• [Exercise objective]:
Repeat the lines below exactly as written, please, from the line with "6畳 、 洋室 4畳 |" to the line with "A long and lovely, antique", both lines included, and no others.

• [Entries supplied]:
★ ★ ★ ★

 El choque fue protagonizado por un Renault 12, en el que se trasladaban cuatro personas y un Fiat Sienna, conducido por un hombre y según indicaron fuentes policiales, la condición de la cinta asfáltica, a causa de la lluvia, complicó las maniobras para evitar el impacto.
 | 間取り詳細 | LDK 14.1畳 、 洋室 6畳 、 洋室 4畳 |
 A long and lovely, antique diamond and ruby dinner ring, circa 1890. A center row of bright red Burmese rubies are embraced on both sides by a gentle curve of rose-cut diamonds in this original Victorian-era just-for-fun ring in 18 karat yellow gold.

★ ★ ★ ★

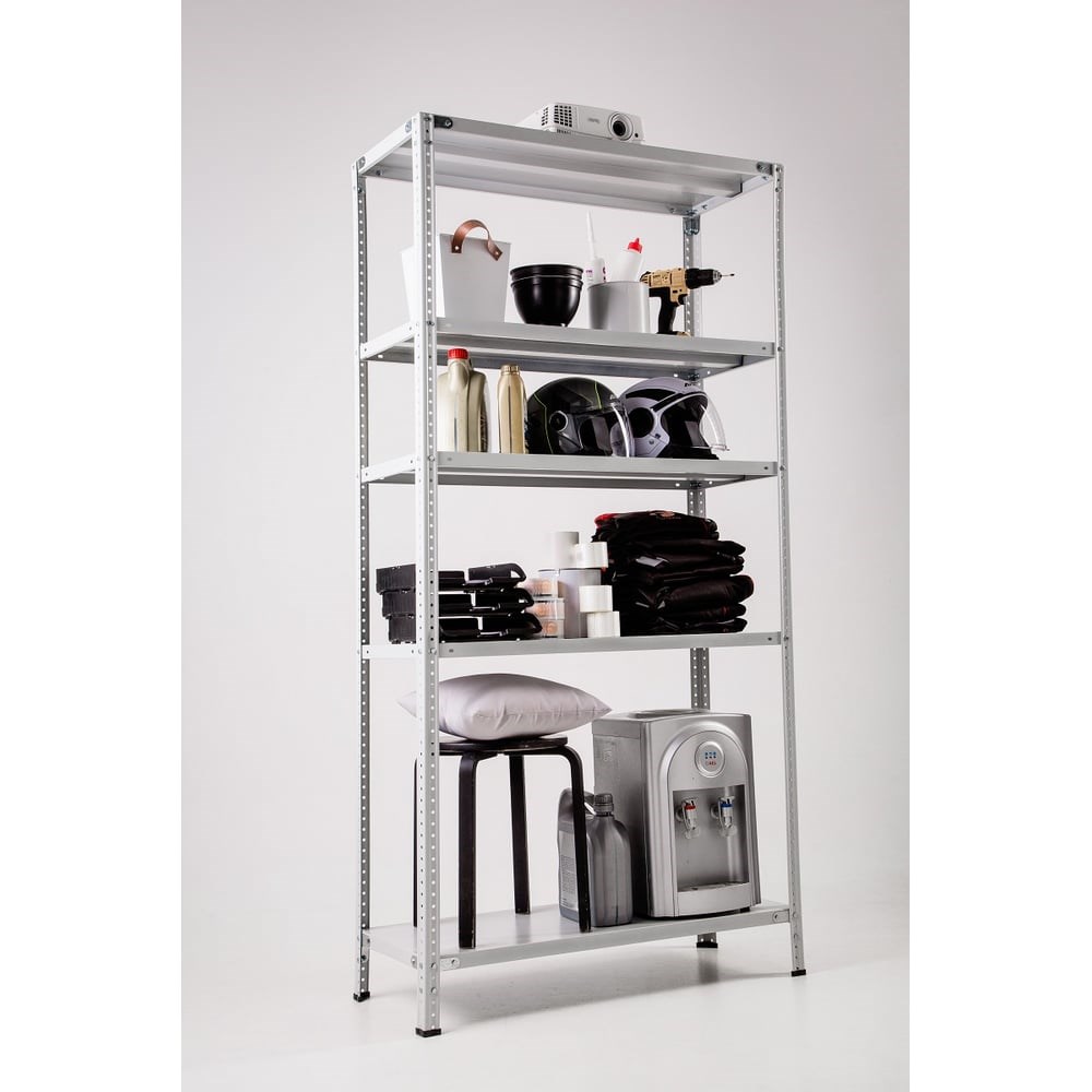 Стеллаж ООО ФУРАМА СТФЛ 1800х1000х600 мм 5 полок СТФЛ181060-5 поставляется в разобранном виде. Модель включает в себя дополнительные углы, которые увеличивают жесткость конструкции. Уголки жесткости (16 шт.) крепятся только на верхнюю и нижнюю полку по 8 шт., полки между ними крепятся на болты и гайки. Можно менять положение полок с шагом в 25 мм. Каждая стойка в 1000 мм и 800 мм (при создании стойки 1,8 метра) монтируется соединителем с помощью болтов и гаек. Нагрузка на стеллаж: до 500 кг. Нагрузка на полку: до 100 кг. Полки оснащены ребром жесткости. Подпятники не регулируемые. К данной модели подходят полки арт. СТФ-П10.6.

★ ★ ★ ★

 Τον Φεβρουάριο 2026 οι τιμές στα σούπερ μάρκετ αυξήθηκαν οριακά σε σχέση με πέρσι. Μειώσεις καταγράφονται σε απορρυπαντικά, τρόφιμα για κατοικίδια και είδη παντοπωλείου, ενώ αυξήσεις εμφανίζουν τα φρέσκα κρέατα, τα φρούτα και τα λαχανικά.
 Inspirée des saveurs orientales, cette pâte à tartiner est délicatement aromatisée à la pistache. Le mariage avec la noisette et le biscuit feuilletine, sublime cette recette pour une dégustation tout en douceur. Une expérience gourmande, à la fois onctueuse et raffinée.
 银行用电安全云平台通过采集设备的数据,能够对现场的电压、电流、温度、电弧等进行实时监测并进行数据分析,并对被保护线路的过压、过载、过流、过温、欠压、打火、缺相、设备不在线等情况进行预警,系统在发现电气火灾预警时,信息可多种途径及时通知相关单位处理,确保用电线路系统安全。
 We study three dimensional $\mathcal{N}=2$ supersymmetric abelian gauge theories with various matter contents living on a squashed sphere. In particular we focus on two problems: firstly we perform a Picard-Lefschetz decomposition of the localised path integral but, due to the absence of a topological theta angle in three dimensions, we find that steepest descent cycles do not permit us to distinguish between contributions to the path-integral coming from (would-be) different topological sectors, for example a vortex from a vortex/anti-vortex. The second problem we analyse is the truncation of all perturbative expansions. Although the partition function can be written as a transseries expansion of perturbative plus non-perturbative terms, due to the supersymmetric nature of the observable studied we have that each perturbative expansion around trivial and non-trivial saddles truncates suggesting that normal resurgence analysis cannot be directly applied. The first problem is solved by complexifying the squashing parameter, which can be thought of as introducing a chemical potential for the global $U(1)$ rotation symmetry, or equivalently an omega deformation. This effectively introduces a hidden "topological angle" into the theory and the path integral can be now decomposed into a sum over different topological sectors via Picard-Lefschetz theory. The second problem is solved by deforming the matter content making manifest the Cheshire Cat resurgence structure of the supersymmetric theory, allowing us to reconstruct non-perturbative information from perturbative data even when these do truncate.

★ ★ ★ ★

• [Result for this task]:
 | 間取り詳細 | LDK 14.1畳 、 洋室 6畳 、 洋室 4畳 |
 A long and lovely, antique diamond and ruby dinner ring, circa 1890. A center row of bright red Burmese rubies are embraced on both sides by a gentle curve of rose-cut diamonds in this original Victorian-era just-for-fun ring in 18 karat yellow gold.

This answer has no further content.